Лешин портрет открывал не просто мою внешность. С ней у меня было все в порядке. Чуть поярче, чуть потускнее. Раз на раз не приходится. Он показывал меня во мне. Умную, настороженную, доверчивую, обманываемую. Никогда, до этого портрета, я еще не видела в себе подобного. Оказывается, невидимость душевных свойств материализуется до осязательности. Зрачок моего левого глаза под поднятой от неожиданности бровью будто рассказывал про мою незащищенность.
«Неужели все это увидят все?» – подумала я и нервно сглотнула подкативший к горлу комок.
Танька смеялась. Вовсю. Она запрокинула голову с разметавшимися русыми волосами. Рот был раскрыт и влажен. Зубы сочны и белы. Даже в таком положении угадывалась красивая четкость Танькиного профиля. Но конечно же губы... Куда там Джулии Робертс! Танькин рот так и притягивал глаза мужиков. Чувственный, большой, сексапильный. С таким человеком, как Танька, жить можно было бы весело и беззаботно.

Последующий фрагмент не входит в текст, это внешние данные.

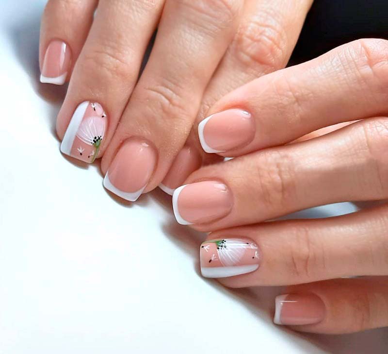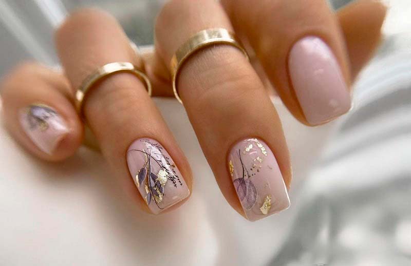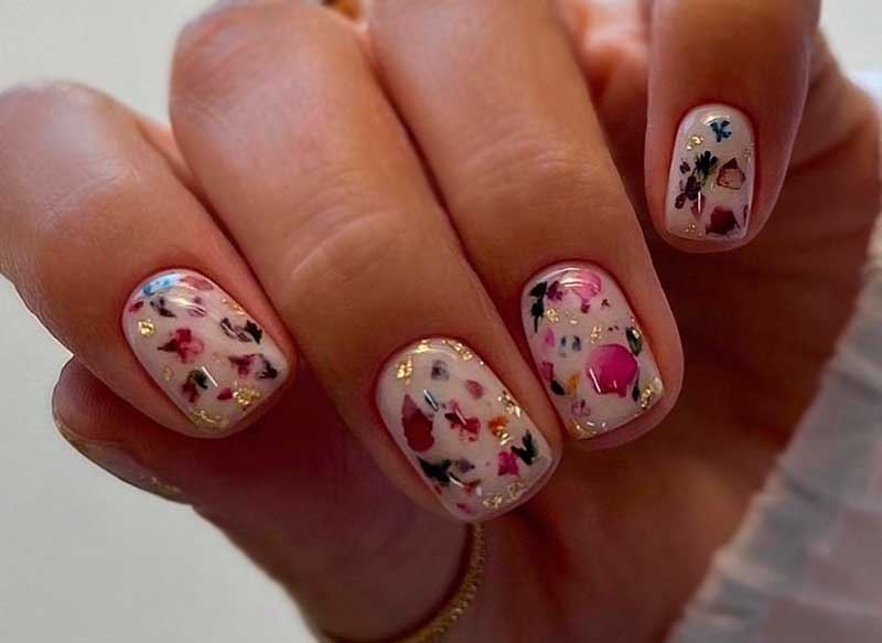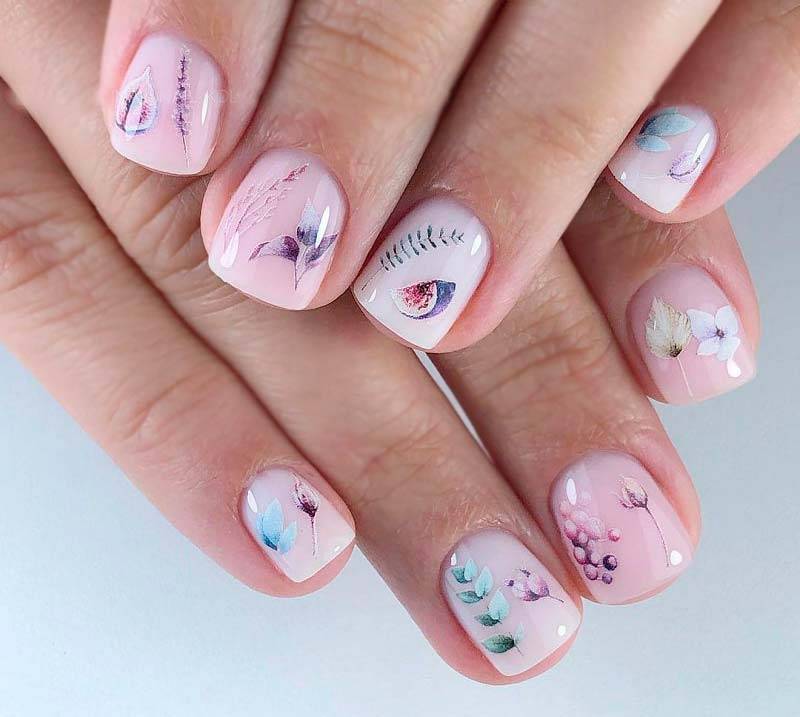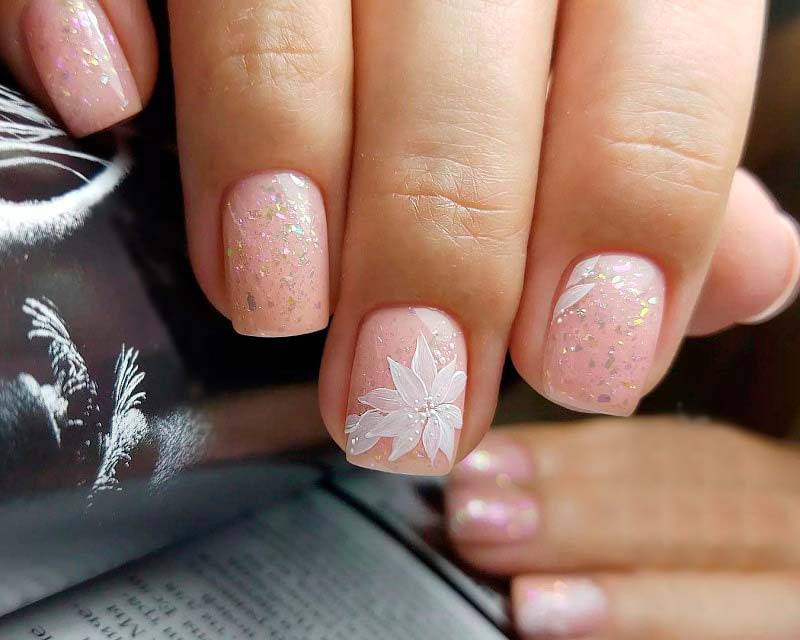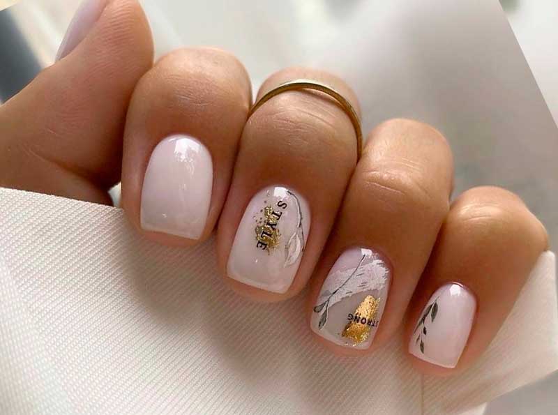 Нежный маникюр на коротких ногтях в нюдовых оттенках с сухоцветами.
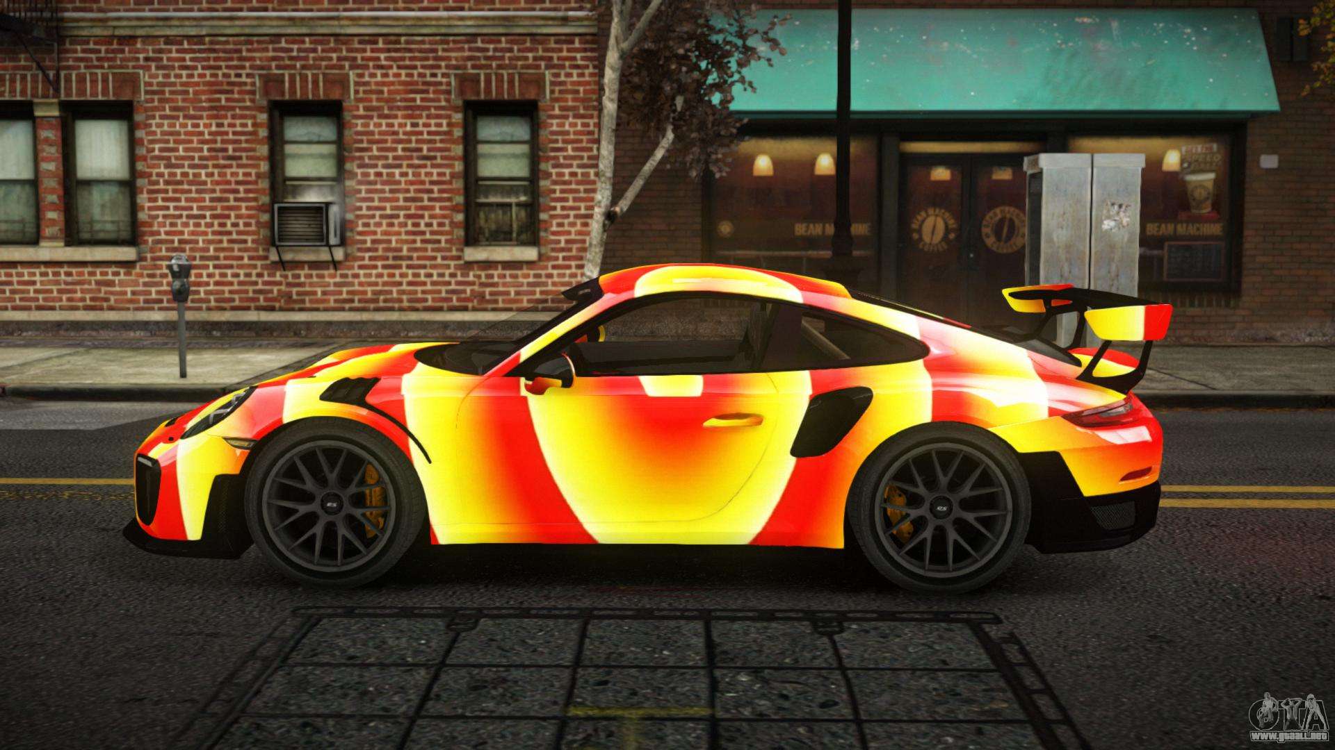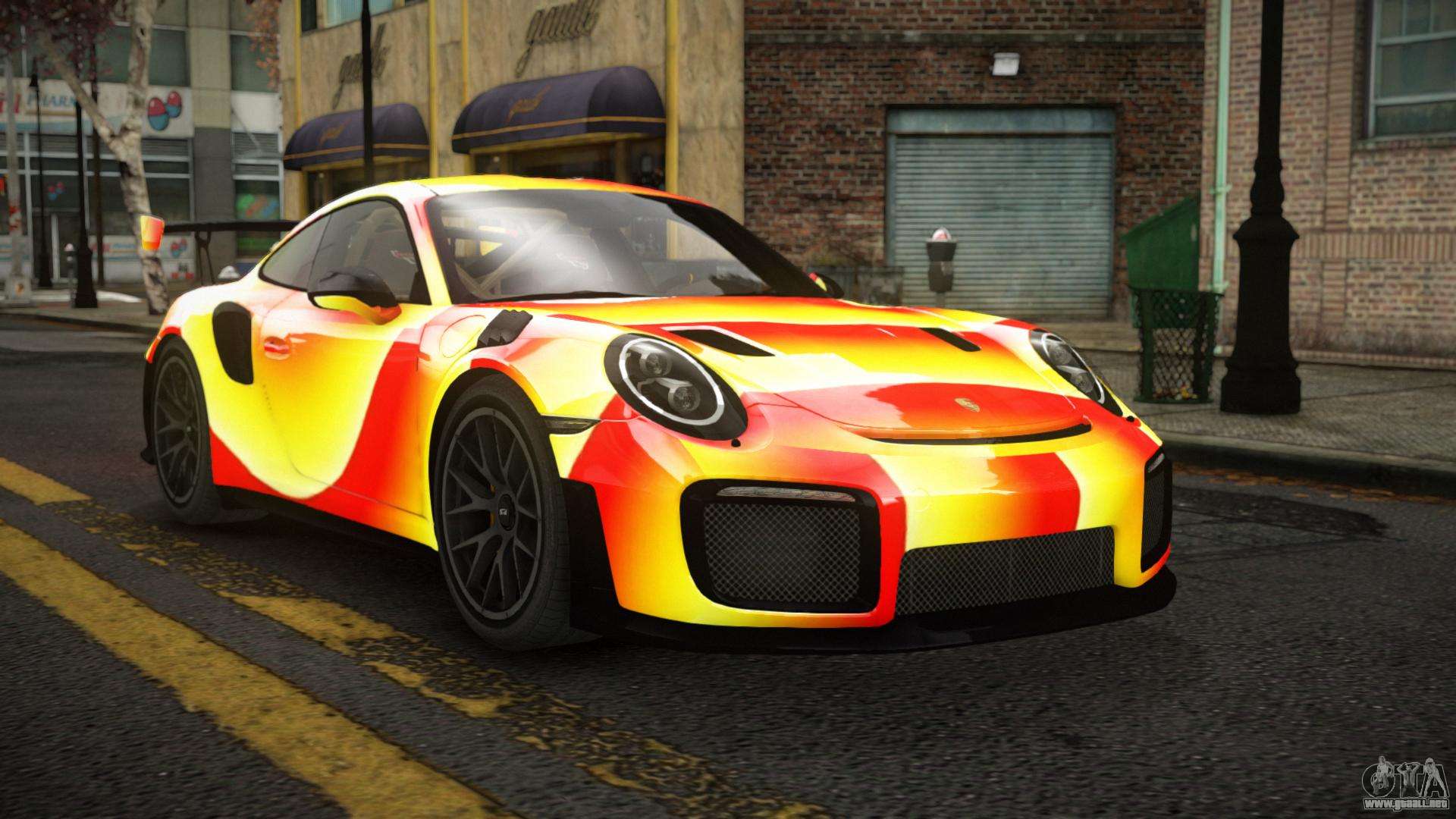 Puedes apreciar todo el encanto del coche descargando el Porsche 911 GT2 Mumutian S12 mod para GTA 4 haciendo clic en los enlaces de abajo. El mod se instala automáticamente en dos clics, por defecto sustituye al Banshee, o elige cualquier otro vehículo del juego que quieras transformar.
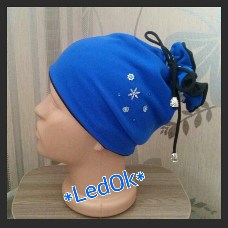 В комплект входит кофта и двойной шапка-снуд, который можно носить как шарф, а можно легко превратить в шапочку с кокетливым отверстием для хвостика или косички. Украшен аппликацией и стразами.
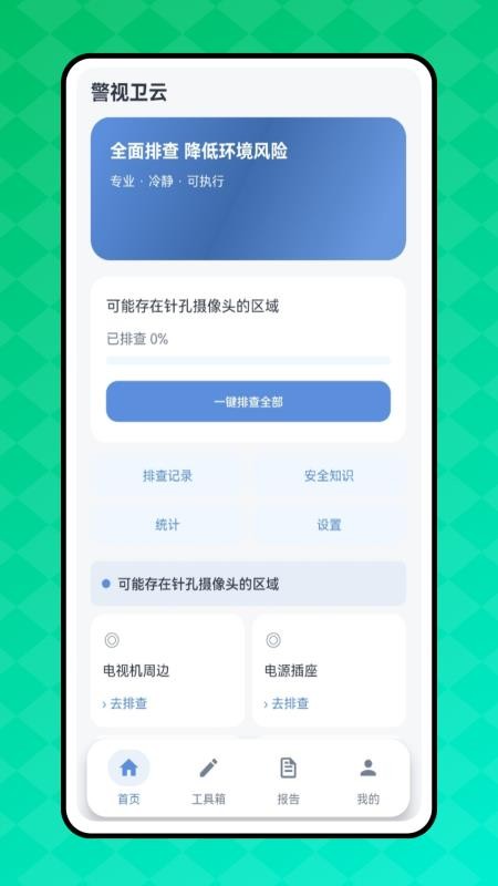 警视卫云app官方版是一款专为用户提供出行防偷拍监测工具的应用软件,软件可以对用户的出行住酒店安全来进行实时保障,进而可以全面排查相关的环境风险,轻松监测周边环境的针孔摄像头,对可疑区域来实现重点排查,科学划分重点区域,专业监测排查。平台还为用户提供了实用的工具箱,这里多种工具都可选择使用,实时进行现场监测,有效监测异常情况,进行安全核验,实时精准监测;此外,警视卫云客户端官网版还支持用户对相关的现场监测记录的数据进行统计分析,生成排查数据报告,清晰查看,快捷导出保存,有需要的用户就赶快来本站下载使用吧!
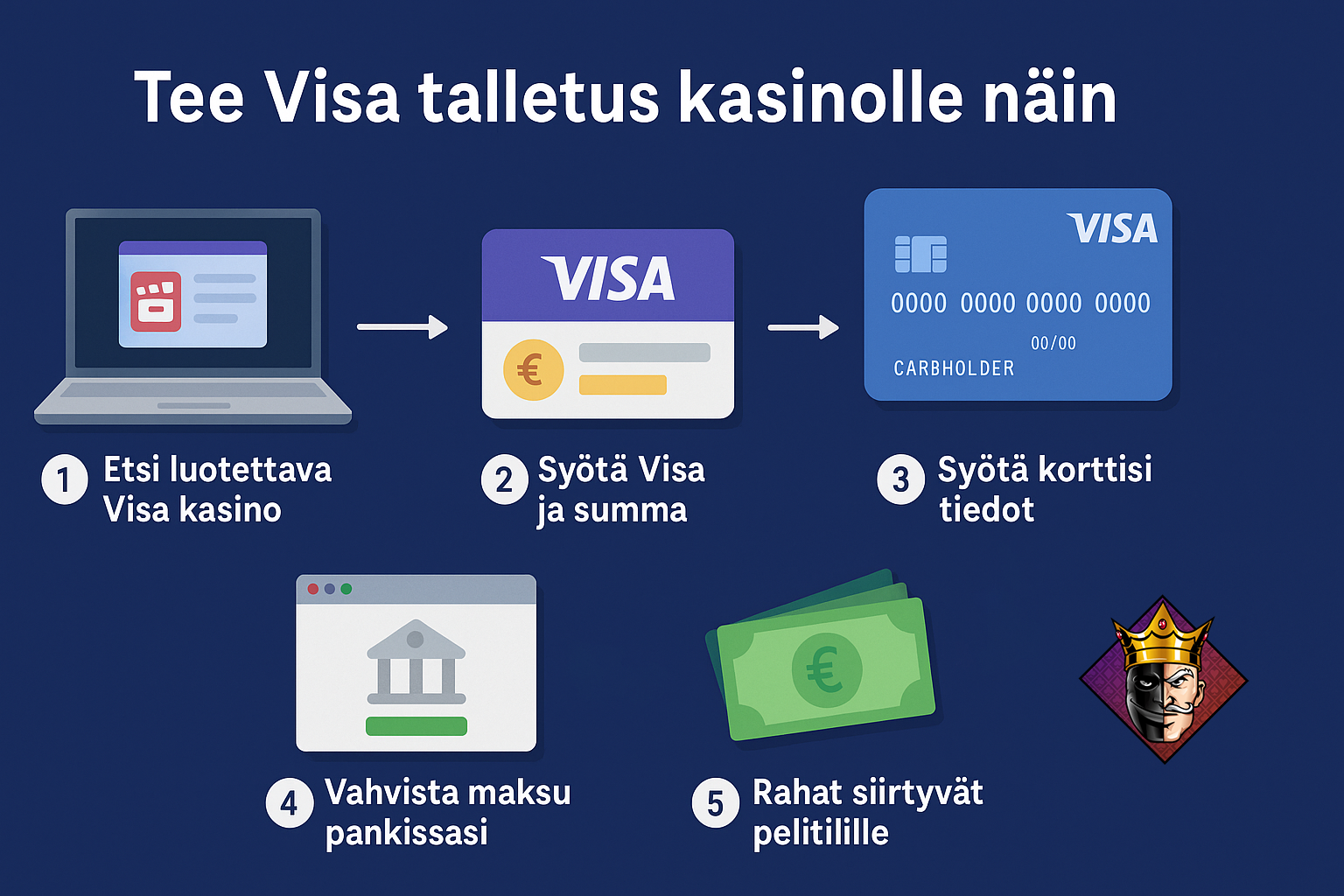 Vastuullinen pelaaminen on tärkeä osa Visa kasinoilla pelaamista. Koska Visa-talletukset onnistuvat nopeasti ja helposti, on tosi tärkeää pitää oma rahankäyttö hallinnassa. Useimmat Visa kasinot tarjoavat työkaluja, kuten talletusrajoja, aikarajoja ja itseasetettavia pelitaukoja, joiden avulla pelaaminen pysyy viihteenä. Lisäksi oman pankin kautta voi asettaa kortille käyttörajoituksia tai estää kasinomaksut kokonaan.
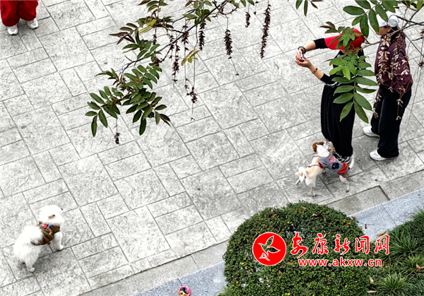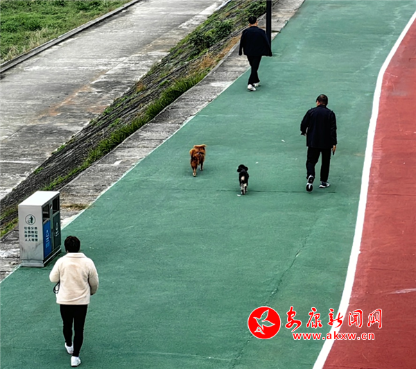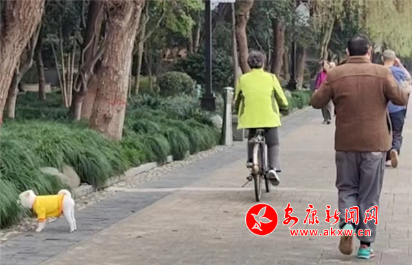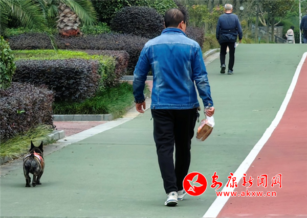 11月8日下午,金川街沿江步道有市民遛狗未牽繩。(圖文/馬歡)2w8安康新聞網(wǎng)
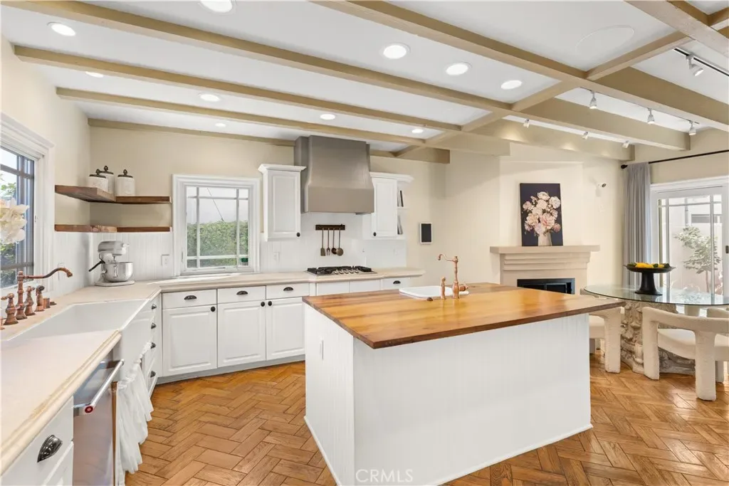 Experience refined coastal living in this exquisite French Provincial tri-level home, ideally positioned in exclusive Naples Island of Long Beach. Just steps from the scenic waterways and moments from world-class dining, this beautifully appointed residence offers timeless elegance with flexible furnishing options to suit your lifestyle. The first level welcomes you with a grand entry that opens to a formal living room featuring soaring vaulted ceilings, a fireplace, and a wet bar, perfect for entertaining your guests. The formal dining room showcases a stunning coffered ceiling with decorative floral inlays, and a stunning chandelier adding a touch of sophistication. A spacious eat-in kitchen anchors the rear of the home, complete with a large center island and prep sink, full suite of appliances, and direct access to a private patio with built-in BBQ, ideal for alfresco dining. A guest powder room, indoor laundry, and direct-access two-car garage complete this level. The second level offers three bedrooms and a large family/media room with its own wet bar and wine refrigerator. One of the bedrooms features an en suite bath, while another versatile space toward the rear adapts beautifully as a private bedroom, executive home office, or personal fitness studio, perfect for today’s flexible lifestyle. A second full bath serves the remaining rooms. Ascending to the third level, you’ll find the primary suite, a serene retreat featuring a fireplace, walk-in closet, and a newly remodeled spa-inspired bath with floor-to-ceiling tile, a floating vanity, modern fixtures, and an expansive dual-head walk-in shower. The entire suite is designed for privacy and comfort, separated from the rest of the home. A few steps above the primary suite leads to the rooftop deck, an entertainer’s dream with panoramic 360º views of Naples Island, comfortable patio seating, and a gas fire pit that is perfect for sunset gatherings or evening relaxation. This exceptional home combines timeless European charm with modern amenities, all within Naples Island’s coveted waterfront enclave, one of Southern California’s most distinguished residential communities.
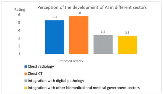 Figure 3 shows the answers to Likert scale item #16: “Please indicate your opinion on the degree of AI development during the pandemic in the following areas”.

Машкино лицо, снятое Лешей, заставляло думать. Он взял ее объективом в упор. Почти что вплотную. Но при этом перекрыл саму оптику чем-то невидимо-сетчатым. Машкины широко раскрытые глаза смотрели не прямо, а немного вниз. Отчего и возникло ощущение отрешенности и задумчивости. Ее светлое пикабу только подчеркивало это. Мне вспомнились слова прабабушки:
– Когда человек рождается, к нему с неба спускается душа. Это хорошо. Но людей теперь стало много рождаться, и потому душ на всех не хватает. Вот некоторые и живут без нее, без души-то...
Машкина душевность была очевидна, даже как-то преизбыточна, что ли... Не в плохом смысле, конечно, а как бы в чересчур обнаженном. Такое, я уже знала, отталкивает. Отпугивает. Ведь мало кто не знает, что бывают люди умнее своих талантов, а бывают, наоборот, глупее. Машина душевность была сильнее ее характера. Это прочитывалось в ее красоте. Отсюда и возникала, ощущалась печаль... Вспомнилось: «словно ветром тронуло струну»...
И, наконец, Ирка. Ее отражение. Я уже рассказала, что навыдумывал Леша, снимая Строгову, но то, что получилось – не пересказать. Иркина голова с мелким-мелким ежиком только привставших после тотальной стрижки черных волос на тонкой, гибко изогнутой шее была отделена от всего. Она как бы покоилась на нереальной, какой-то ангельской белизне. А дальше, я не могу... Ее слезинка, выкатившаяся на нижнее веко полуоткрытого или, наоборот, полузакрытого левого глаза, спорила своей искристой прозрачностью с бриллиантовой пылью на крестике. И вот эта, казалось бы не стыкуемая взаимосвязь и перекличка между рожденным душой и изготовленным руками, вдруг стала реальной, живой, и от этого щемяще захватывающей сердце.
Первой ко мне пришла Машка, потом Танька, потом Ирка. Они, не сговариваясь, молча уселись напротив самих же себя. Я отошла к окну. Когда я повернулась к подругам, то, честно говоря, чуть не заплакала. Девки, сраженные чем-то, впервые открытым в себе, прижались друг к другу и беззвучно нюнили.
«Вот что такое красота, – подумала я. – А вы говорите...»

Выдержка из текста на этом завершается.